Something mischievous sparkled in the back of his eyes. “It’s good for them, from time to time, for someone to remind them that they can’t exercise control over everything, and that a member of the Senior Council can walk where he chooses to walk.” His eyes crinkled at the corners. “That last guy really got to me.”
“Gedwig,” I said. “The grouchy. He’s always extra paranoid.” I let the power ease out of my staff, and the runes stopped glowing, the light dying away. I made a gesture toward Thomas with one hand, and my brother eased away from the door. Then I stood aside and opened the door wider for my grandfather. “Come in.”
The old man didn’t miss much. He came in with the calm, wary look of a man who isn’t focused on one thing because he’s taking in everything—and immediately spun his staff to point squarely at Thomas.
“What is that thing doing here?” Ebenezar demanded.
Thomas lifted his eyebrows. “Thing? Pretty bold assertion of righteousness from the White Council’s hatchetman.”
As far as I knew, my grandfather didn’t know that Thomas and I shared a mother, his daughter. He didn’t know he had another grandson. Ebenezar had … kind of a thing about White Court vampires.
(The Paranet called them “whampires,” but I refused to cave in to such silliness, unless it became entirely convenient.)
“Vampire,” my grandfather growled, “you’ve been a useful ally to young Dresden up until now. Don’t go ruining things by getting my attention.”

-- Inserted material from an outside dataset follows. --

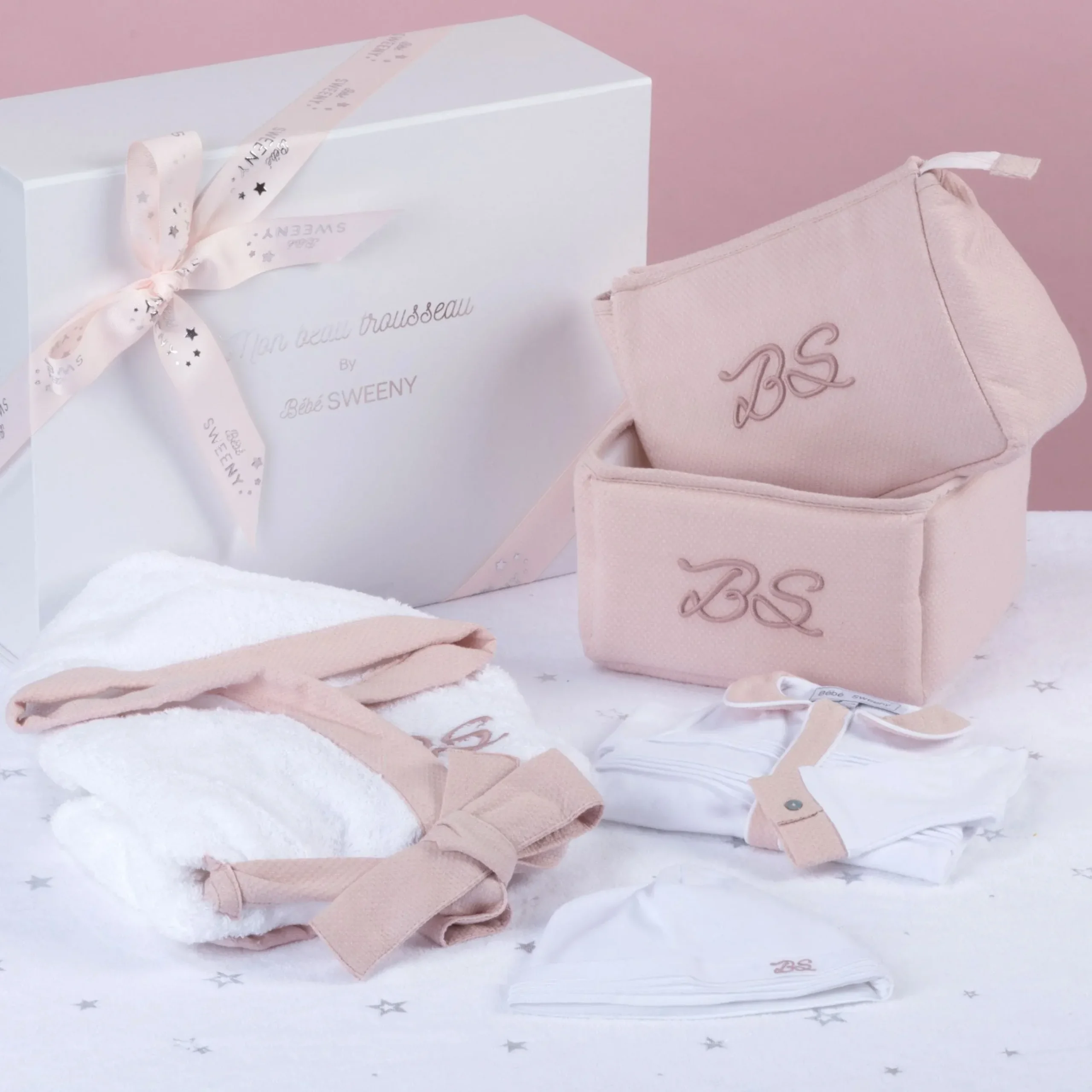 Mon Beau Trousseau Collection includes 14 items in 2 colors for baby boy and girl. Made from soft interlock, poplin and exclusive jacquard fabric, the Monogram on each item is stitched thread by thread and will make a perfect baby birth gift set.
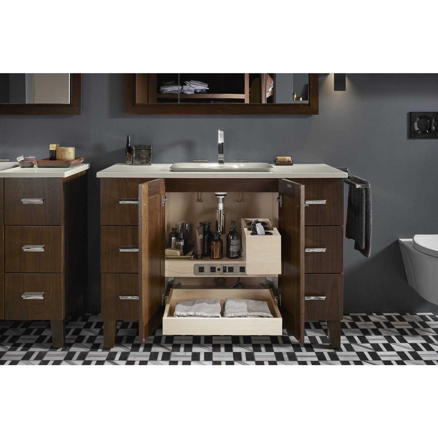 Kohler K-99678-SH10-1WR Adjustable Shelf with Electrical Outlets for 48″ Tailored Vanities with 2 Doors, 6 Drawers

Thomas’s eyes glittered a shade brighter, and he put on the smile he wore when he was exceptionally furious. “I’m hearing a lot of loud talk from a guy who let himself get this close to someone like me without having a shield already up.”
“Why, you slick little punk,” my grandfather began.
The stench of burning batter filled the air, and I stalked over to the stove, where I flipped the pancake, which had burned during the altercation. Then I slapped the spatula back down onto the counter with unnecessary force and said, words sizzling with vitriol, “Gentlemen, I should not need to remind either of you that you are guests in my home.”
And that hit them both like a bucket of cold water.
In our world, maybe the closest thing to inviolable laws are the ancient traditions of guest-right and host-right. In them, guests are to be honored and treated as members of the host’s own family. And they, in turn, are expected to behave as respectful members of the host’s own family.
And in this case we all were actual family, only my grandfather didn’t know it.
But Thomas backed off a bit more, his tense frame easing out of its predatory stance, and my grandfather lowered his staff and turned until he was partially facing away from Thomas.
“Sorry, Harry,” Thomas said. “Won’t happen again.”
I nodded at him and glanced at the old man.
“I owe you an apology,” my grandfather said to me, with heavy emphasis on the pronouns. “Shouldn’t have behaved like that in your home. I’m sorry.”
Well, clearly this morning wasn’t going in anyone’s photo album. But it wasn’t going to result in a funeral, either. Take your wins where you can get them, I guess.
“Thank you,” I said to them both. I held out my hand, and Thomas passed me the chef knife’s handle.
I put the knife away and cleared my throat at my grandfather.
He eyed Thomas, the look a threat. Then he abruptly eased his stance and spoke in conversational tones. “Those pancakes I smell?” he asked, setting his staff in the corner by the door.